[[ SUPPLIED RECORDS, beginning ]]

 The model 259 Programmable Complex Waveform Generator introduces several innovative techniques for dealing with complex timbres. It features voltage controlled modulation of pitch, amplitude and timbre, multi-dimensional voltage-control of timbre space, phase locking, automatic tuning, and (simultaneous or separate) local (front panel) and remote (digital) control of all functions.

[[ SUPPLIED RECORDS, end ]]
[[ SUPPLIED RECORDS, beginning ]]

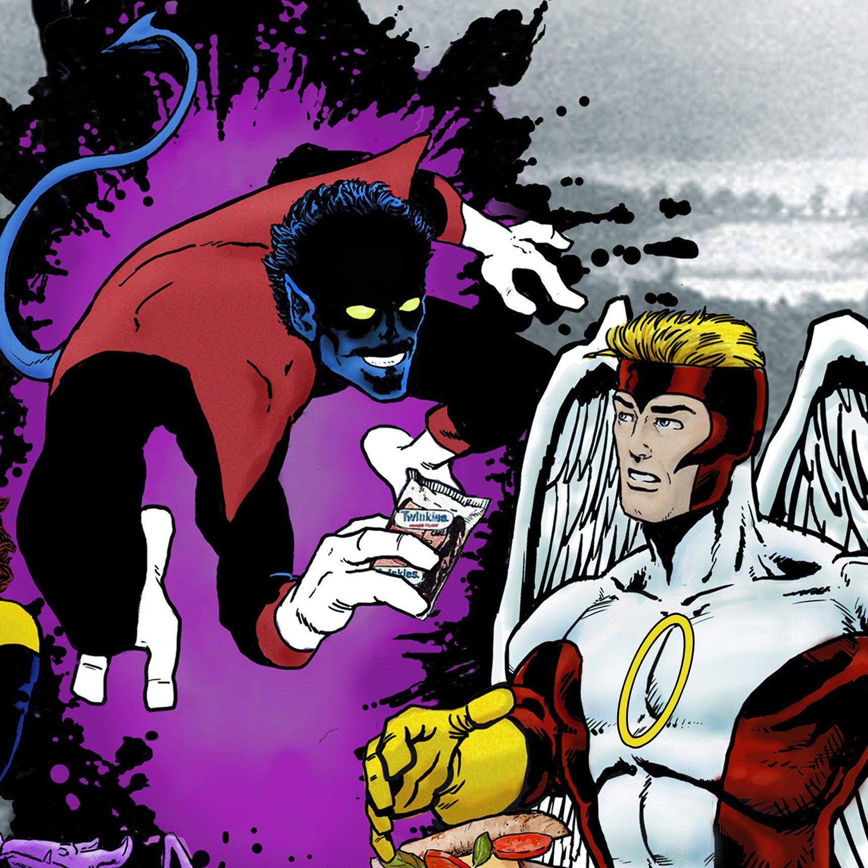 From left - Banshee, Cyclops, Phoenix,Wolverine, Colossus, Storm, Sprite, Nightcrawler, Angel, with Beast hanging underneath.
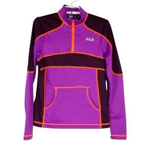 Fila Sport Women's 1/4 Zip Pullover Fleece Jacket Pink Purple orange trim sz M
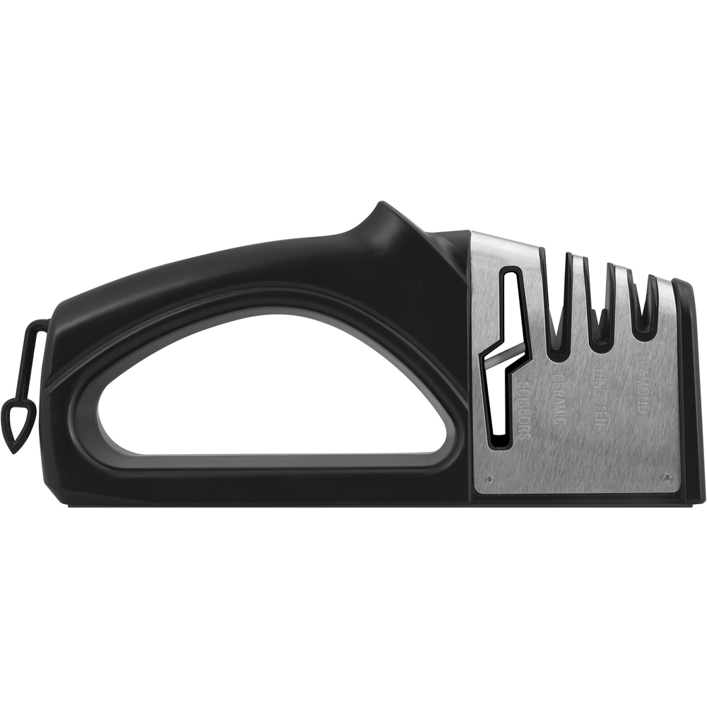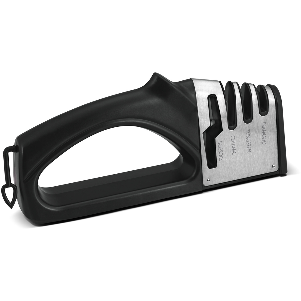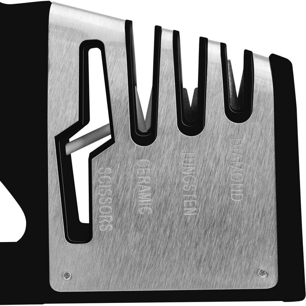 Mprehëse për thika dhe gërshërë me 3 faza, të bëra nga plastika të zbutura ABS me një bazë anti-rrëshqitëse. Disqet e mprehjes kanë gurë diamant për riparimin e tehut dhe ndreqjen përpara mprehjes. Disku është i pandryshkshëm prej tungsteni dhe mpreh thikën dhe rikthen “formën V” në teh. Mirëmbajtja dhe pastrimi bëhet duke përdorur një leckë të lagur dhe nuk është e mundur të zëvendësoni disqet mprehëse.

[[ SUPPLIED RECORDS, end ]]

Copy the lines above exactly, starting at the one with "Beast hanging underneath." and ending at the one with "Mprehëse për thika", both included. Leave out any pictures and add nothing else.

 From left - Banshee, Cyclops, Phoenix,Wolverine, Colossus, Storm, Sprite, Nightcrawler, Angel, with Beast hanging underneath.
 Fila Sport Women's 1/4 Zip Pullover Fleece Jacket Pink Purple orange trim sz M
 Mprehëse për thika dhe gërshërë me 3 faza, të bëra nga plastika të zbutura ABS me një bazë anti-rrëshqitëse. Disqet e mprehjes kanë gurë diamant për riparimin e tehut dhe ndreqjen përpara mprehjes. Disku është i pandryshkshëm prej tungsteni dhe mpreh thikën dhe rikthen “formën V” në teh. Mirëmbajtja dhe pastrimi bëhet duke përdorur një leckë të lagur dhe nuk është e mundur të zëvendësoni disqet mprehëse.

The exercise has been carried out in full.